Instructions to follow: Would you retype exactly the lines below, starting with the one that has "Man sieht einen" and going on through the one that has "Два сердечка на деревянном фоне", with no pictures and nothing else?

Data records:
▬▬▬▬▬▬
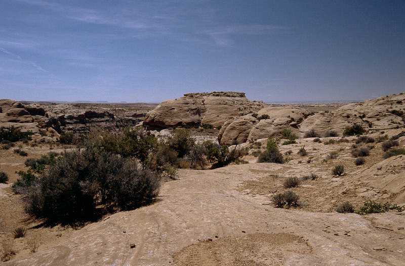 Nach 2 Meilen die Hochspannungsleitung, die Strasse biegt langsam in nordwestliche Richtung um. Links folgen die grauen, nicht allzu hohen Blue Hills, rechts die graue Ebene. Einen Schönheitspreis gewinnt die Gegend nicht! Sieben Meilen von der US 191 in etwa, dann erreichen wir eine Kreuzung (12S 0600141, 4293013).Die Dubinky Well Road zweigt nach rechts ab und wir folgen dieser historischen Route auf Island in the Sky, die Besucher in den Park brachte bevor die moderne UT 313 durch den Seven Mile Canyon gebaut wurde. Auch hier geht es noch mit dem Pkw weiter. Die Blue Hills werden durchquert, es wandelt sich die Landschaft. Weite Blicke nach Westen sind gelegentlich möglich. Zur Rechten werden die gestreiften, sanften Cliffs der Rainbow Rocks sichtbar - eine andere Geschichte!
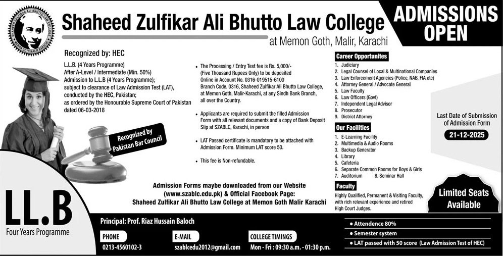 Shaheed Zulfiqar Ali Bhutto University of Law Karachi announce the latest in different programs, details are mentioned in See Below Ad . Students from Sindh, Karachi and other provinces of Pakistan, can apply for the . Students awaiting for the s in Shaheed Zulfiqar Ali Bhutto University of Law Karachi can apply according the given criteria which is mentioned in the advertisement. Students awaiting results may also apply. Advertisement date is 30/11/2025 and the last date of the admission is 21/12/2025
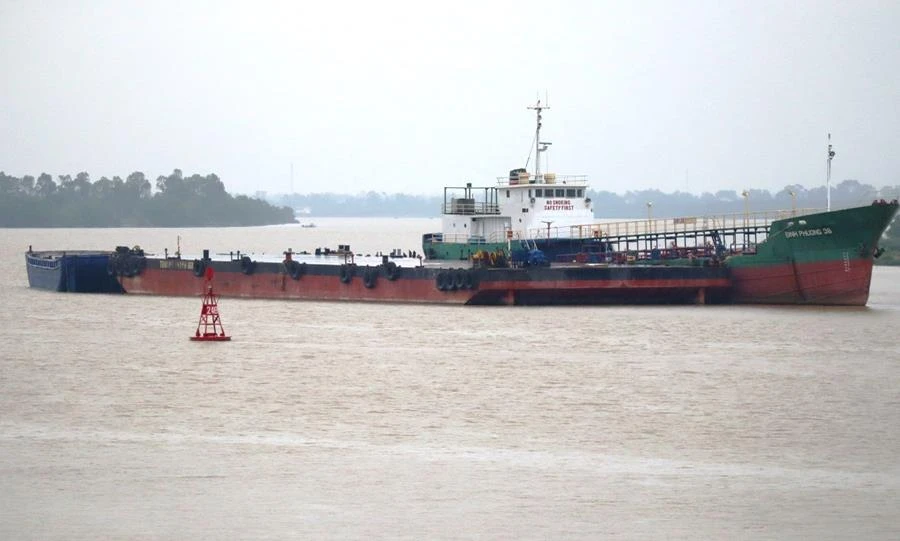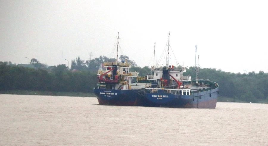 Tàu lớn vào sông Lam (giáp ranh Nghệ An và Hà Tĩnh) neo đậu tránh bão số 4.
▬▬▬▬▬▬
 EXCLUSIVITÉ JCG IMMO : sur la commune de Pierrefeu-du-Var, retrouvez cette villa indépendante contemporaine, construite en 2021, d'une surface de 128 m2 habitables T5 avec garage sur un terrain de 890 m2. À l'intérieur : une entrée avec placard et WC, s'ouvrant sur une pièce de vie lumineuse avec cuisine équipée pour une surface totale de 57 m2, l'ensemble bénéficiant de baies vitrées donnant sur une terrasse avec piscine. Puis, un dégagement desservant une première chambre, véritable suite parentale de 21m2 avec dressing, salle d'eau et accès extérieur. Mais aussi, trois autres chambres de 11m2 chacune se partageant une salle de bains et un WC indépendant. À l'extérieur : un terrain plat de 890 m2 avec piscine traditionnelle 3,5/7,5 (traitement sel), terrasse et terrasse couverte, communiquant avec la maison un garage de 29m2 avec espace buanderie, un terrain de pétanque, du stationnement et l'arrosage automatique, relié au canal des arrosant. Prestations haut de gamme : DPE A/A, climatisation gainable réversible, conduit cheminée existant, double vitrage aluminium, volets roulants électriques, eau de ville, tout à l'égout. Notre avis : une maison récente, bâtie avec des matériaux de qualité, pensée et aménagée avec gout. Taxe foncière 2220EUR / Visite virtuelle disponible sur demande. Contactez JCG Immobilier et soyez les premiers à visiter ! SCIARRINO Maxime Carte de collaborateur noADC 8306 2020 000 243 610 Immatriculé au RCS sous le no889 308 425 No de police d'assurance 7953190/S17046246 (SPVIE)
▬▬▬▬▬▬
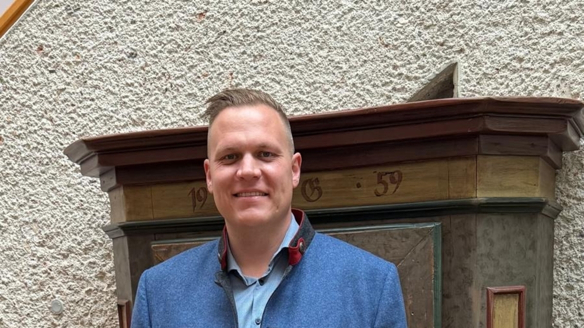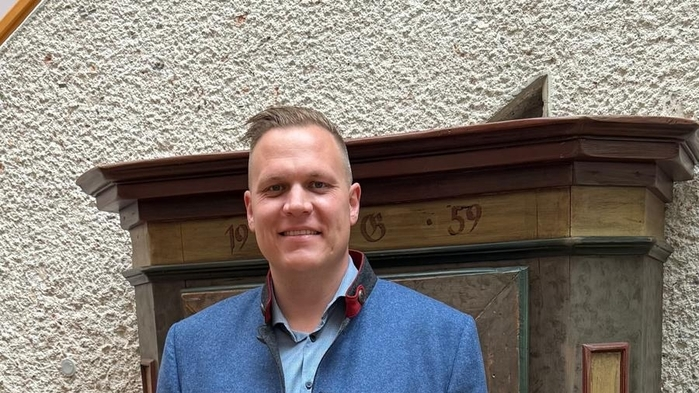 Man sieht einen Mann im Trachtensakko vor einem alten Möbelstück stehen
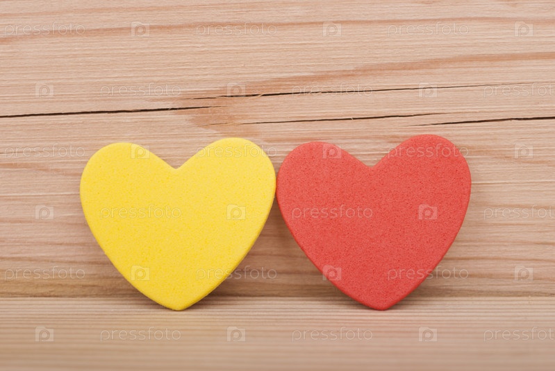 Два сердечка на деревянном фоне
▬▬▬▬▬▬
Result of the exercise:
 Man sieht einen Mann im Trachtensakko vor einem alten Möbelstück stehen
 Два сердечка на деревянном фоне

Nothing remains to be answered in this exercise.